🤖 AI Summary
In tactile inverse problems for artificial skin—where object pose estimation suffers from discontinuous observations, high ambiguity, and stringent contact constraints—this paper introduces the first diffusion-model-based framework. Our method explicitly models observational ambiguity and multimodal uncertainty via conditional denoising training and distributed tactile signal encoding, while integrating simulation-driven physical contact constraints to generate high-fidelity, diverse pose hypotheses. Compared to conventional sampling approaches, our model achieves a 3.2× improvement in hypothesis sampling efficiency and reduces average pose estimation error by 41.7% in simulation.

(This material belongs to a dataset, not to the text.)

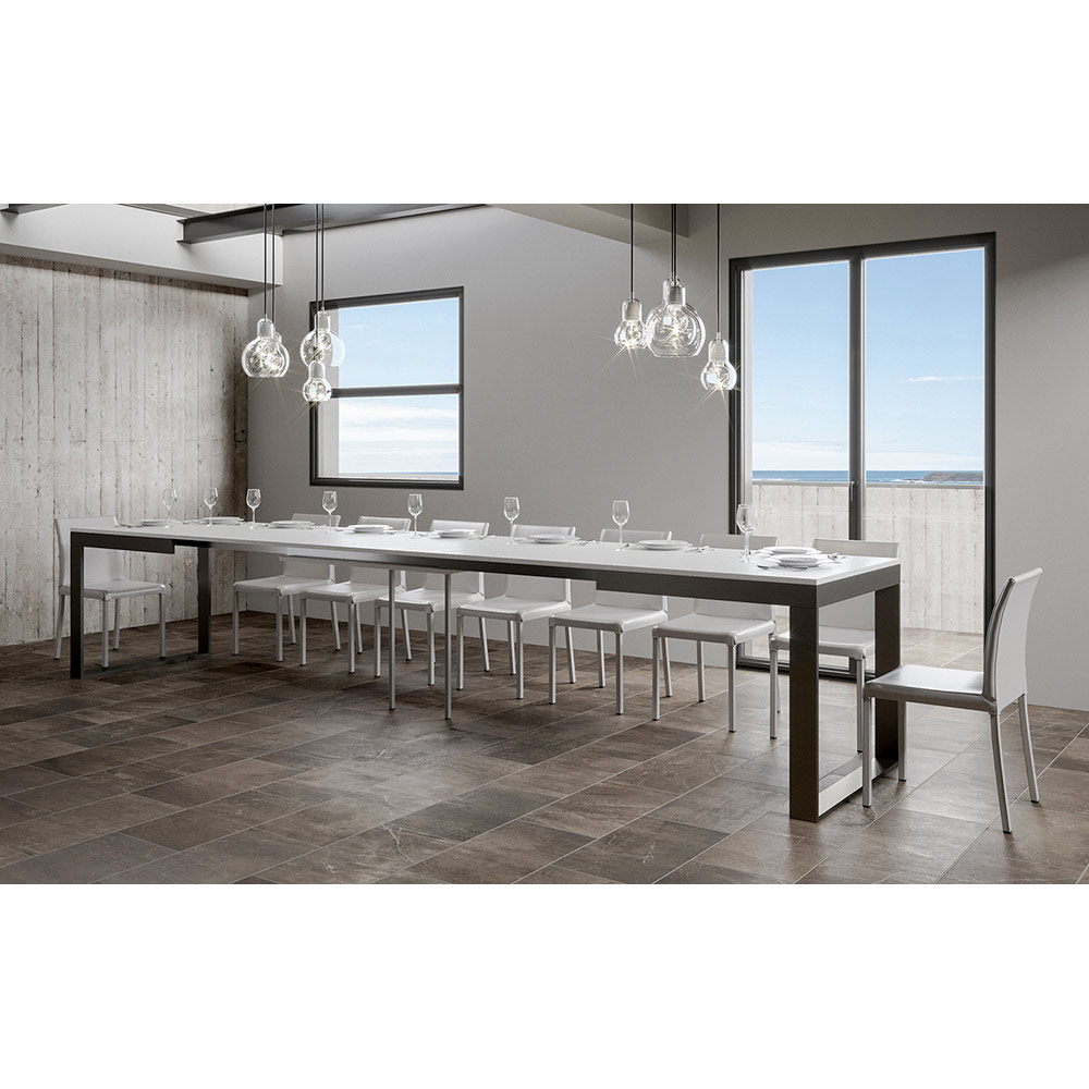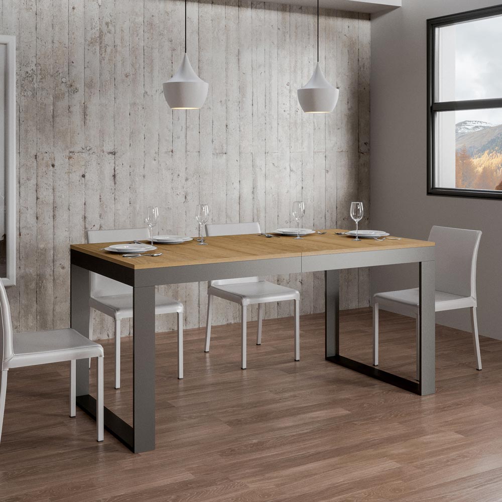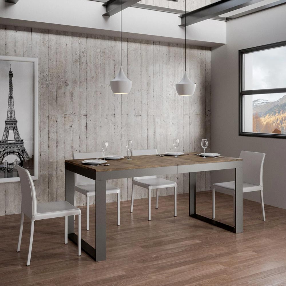 Dieser Tisch zeichnet sich durch seine Vielseitigkeit aus, dank des cleveren Mechanismus, der es ermöglicht, ihn leicht zu verlängern und ihn von einem bequemen Tisch in einen großzügigen Tisch zu verwandeln, der mehrere Gäste beherbergen kann. È er ist ideal für diejenigen, die gerne Freunde und Familie unterhalten oder für diejenigen, die Anpassungsfähigkeit in multifunktionalen Umgebungen benötigen.

This work provides the first empirical validation of diffusion models’ effectiveness and superiority in modeling physically grounded, multi-solution constraints inherent to tactile inverse problems.
📝 Abstract
Contact-based estimation of object pose is challenging due to discontinuities and ambiguous observations that can correspond to multiple possible system states. This multimodality makes it difficult to efficiently sample valid hypotheses while respecting contact constraints. Diffusion models can learn to generate samples from such multimodal probability distributions through denoising algorithms. We leverage these probabilistic modeling capabilities to learn an inverse observation model conditioned on tactile measurements acquired from a distributed artificial skin. We present simulated experiments demonstrating efficient sampling of contact hypotheses for object pose estimation through touch.